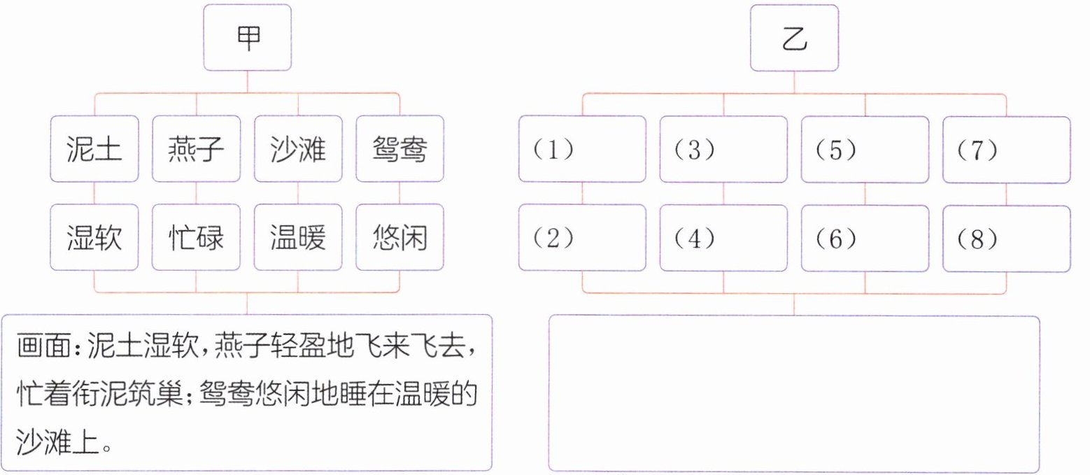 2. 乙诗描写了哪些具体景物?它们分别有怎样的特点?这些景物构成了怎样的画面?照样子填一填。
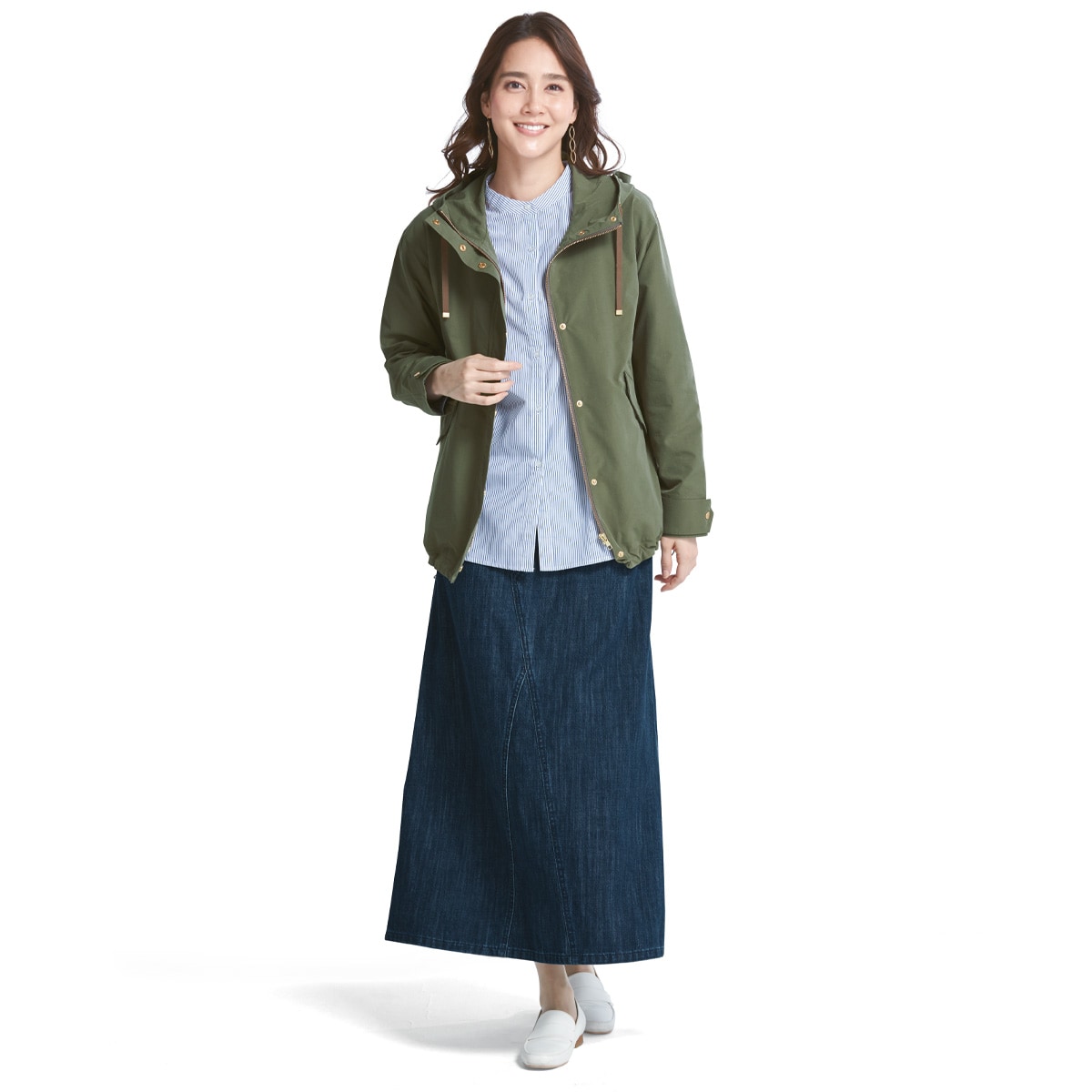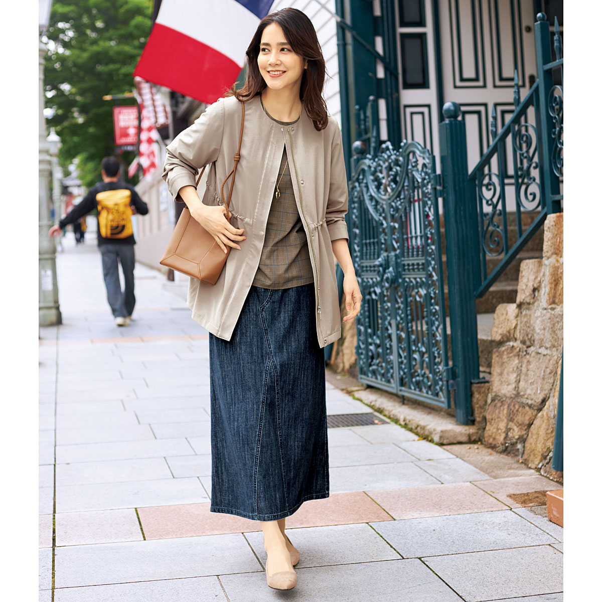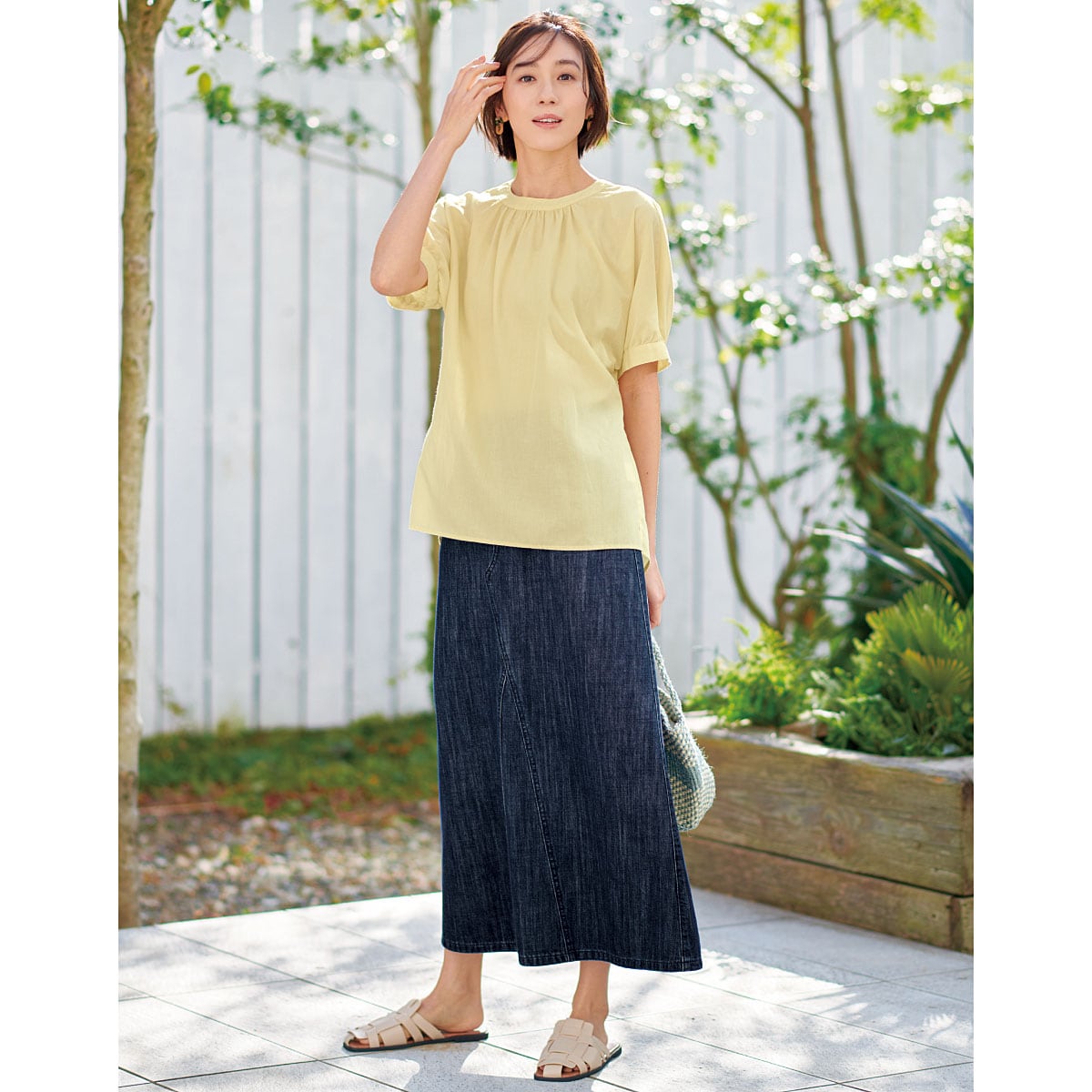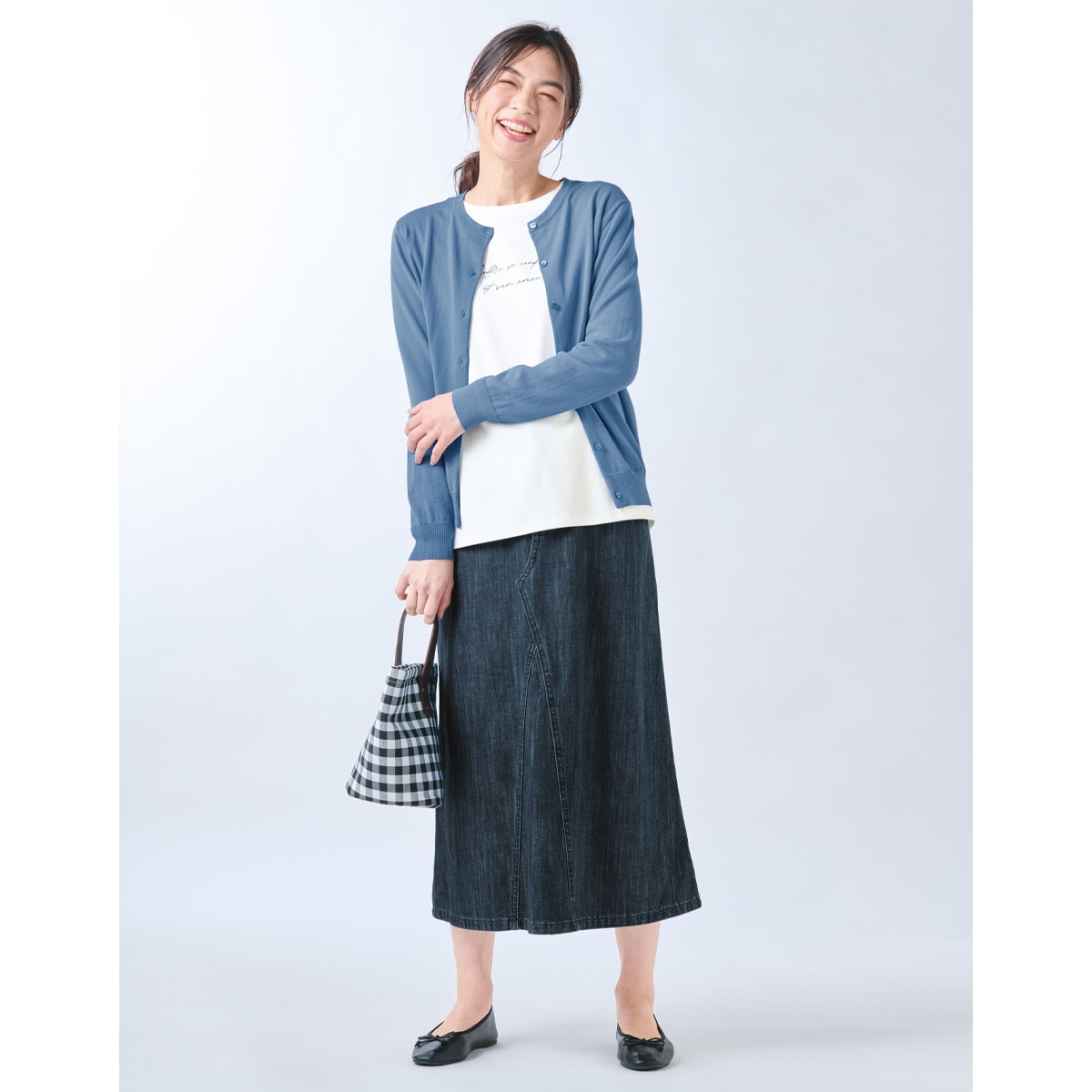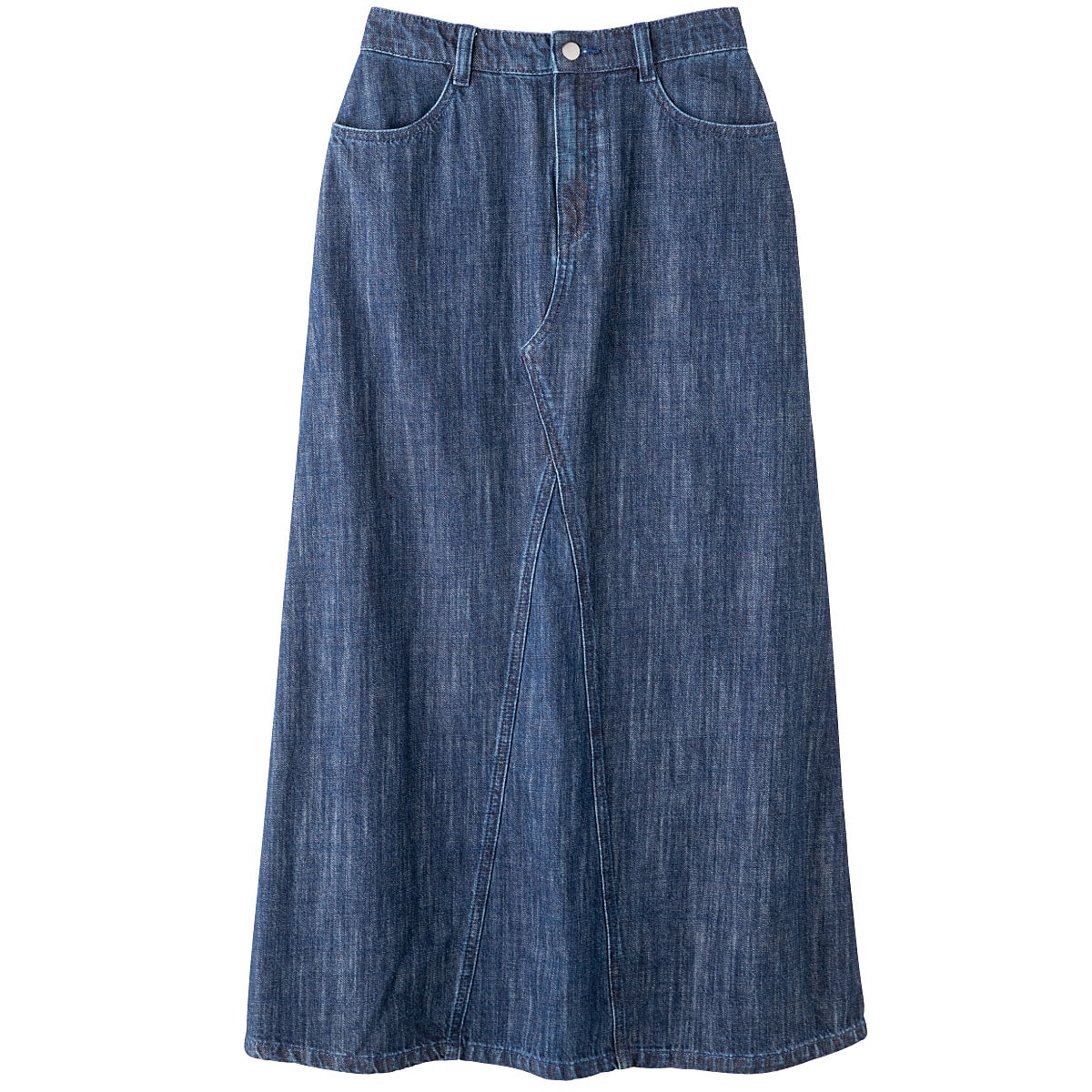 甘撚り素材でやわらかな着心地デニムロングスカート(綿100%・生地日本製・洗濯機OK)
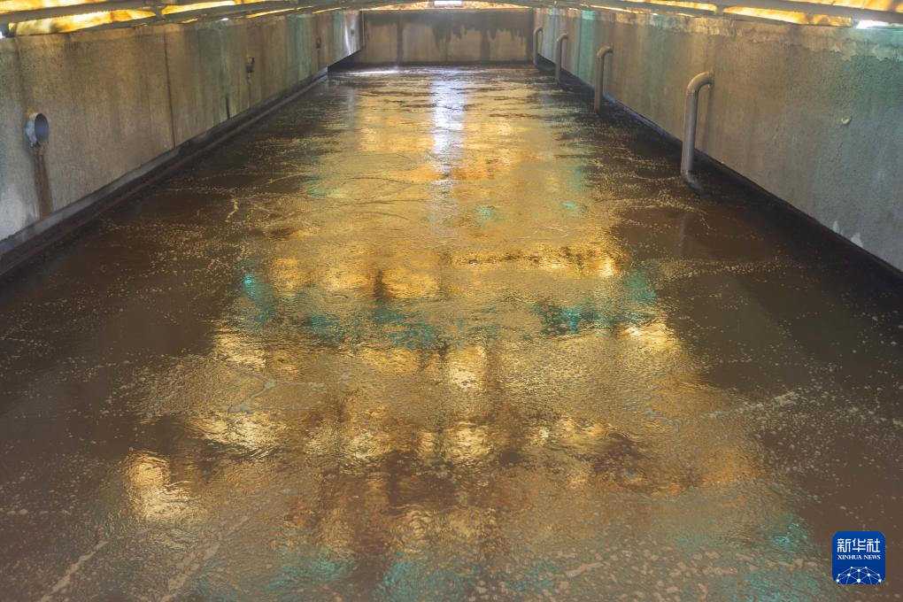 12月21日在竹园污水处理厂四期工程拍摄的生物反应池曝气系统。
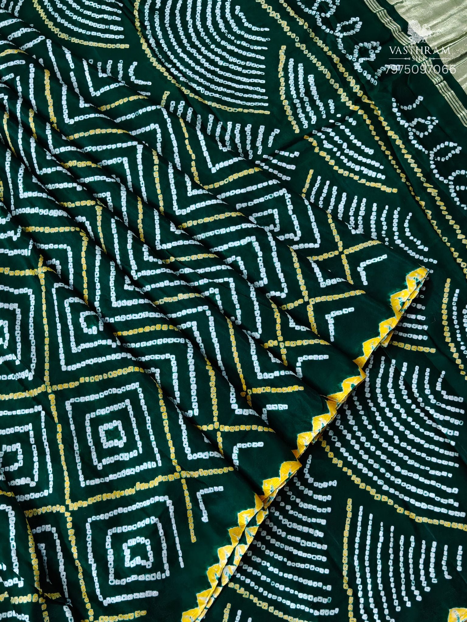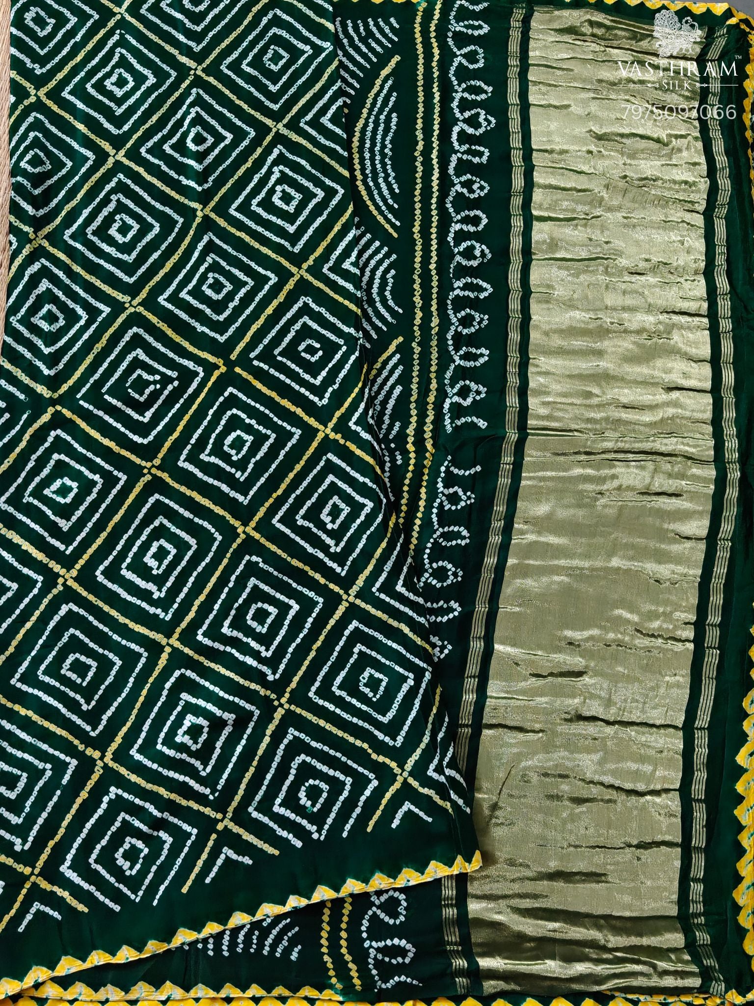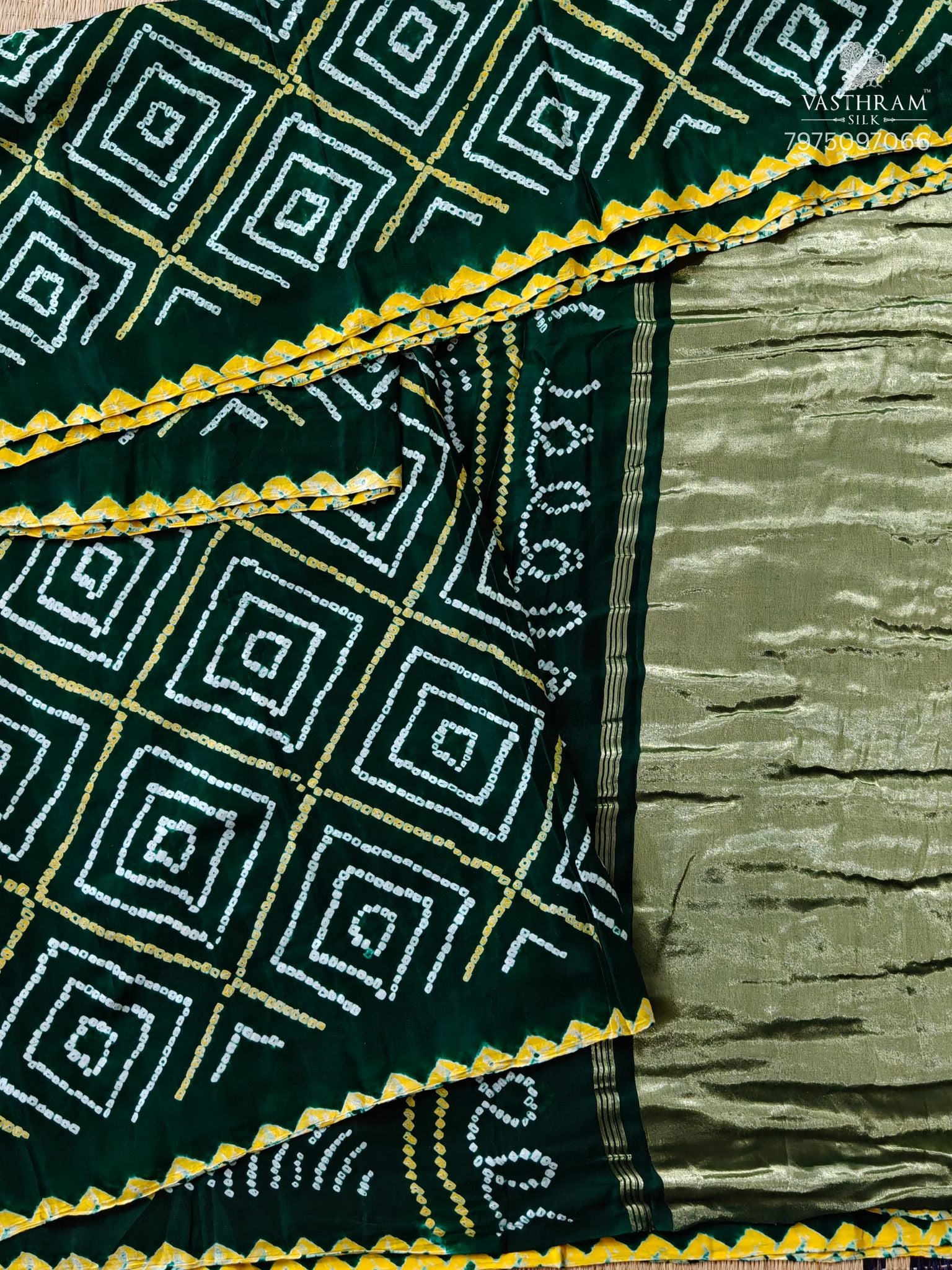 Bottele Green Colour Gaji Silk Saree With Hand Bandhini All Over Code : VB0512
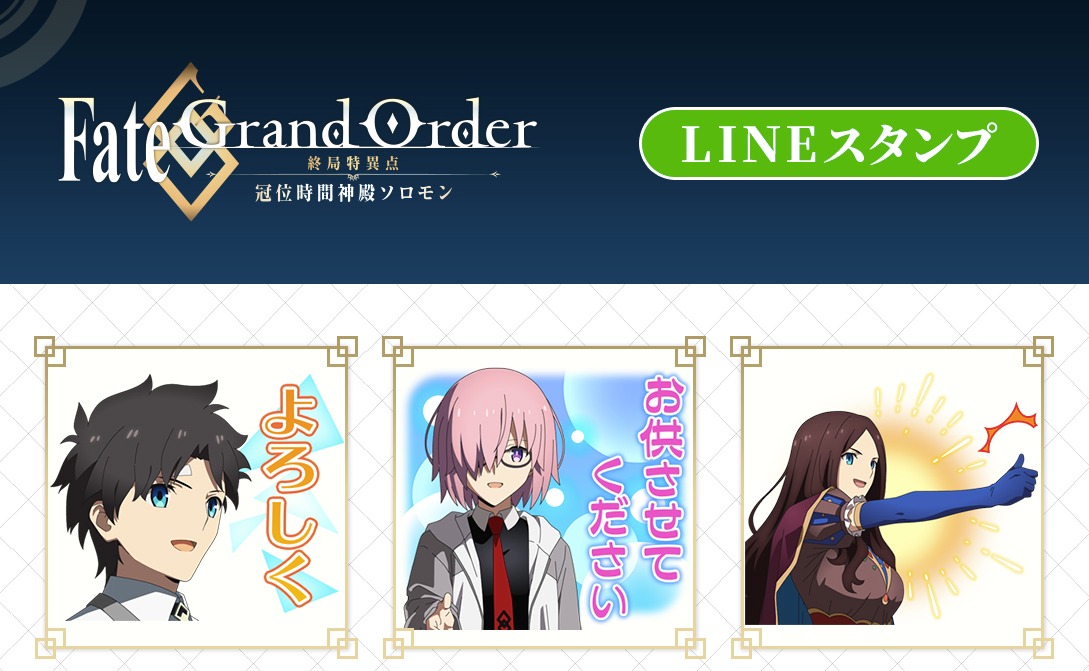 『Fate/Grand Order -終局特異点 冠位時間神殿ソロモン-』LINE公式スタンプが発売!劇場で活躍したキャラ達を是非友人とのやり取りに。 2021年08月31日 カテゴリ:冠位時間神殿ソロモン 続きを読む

+ + + + +

**Exercise goal**
Retype all the entries word for word; the pictures stay out.

**Task solution**
 2. 乙诗描写了哪些具体景物?它们分别有怎样的特点?这些景物构成了怎样的画面?照样子填一填。
 甘撚り素材でやわらかな着心地デニムロングスカート(綿100%・生地日本製・洗濯機OK)
 12月21日在竹园污水处理厂四期工程拍摄的生物反应池曝气系统。
 Bottele Green Colour Gaji Silk Saree With Hand Bandhini All Over Code : VB0512
 『Fate/Grand Order -終局特異点 冠位時間神殿ソロモン-』LINE公式スタンプが発売!劇場で活躍したキャラ達を是非友人とのやり取りに。 2021年08月31日 カテゴリ:冠位時間神殿ソロモン 続きを読む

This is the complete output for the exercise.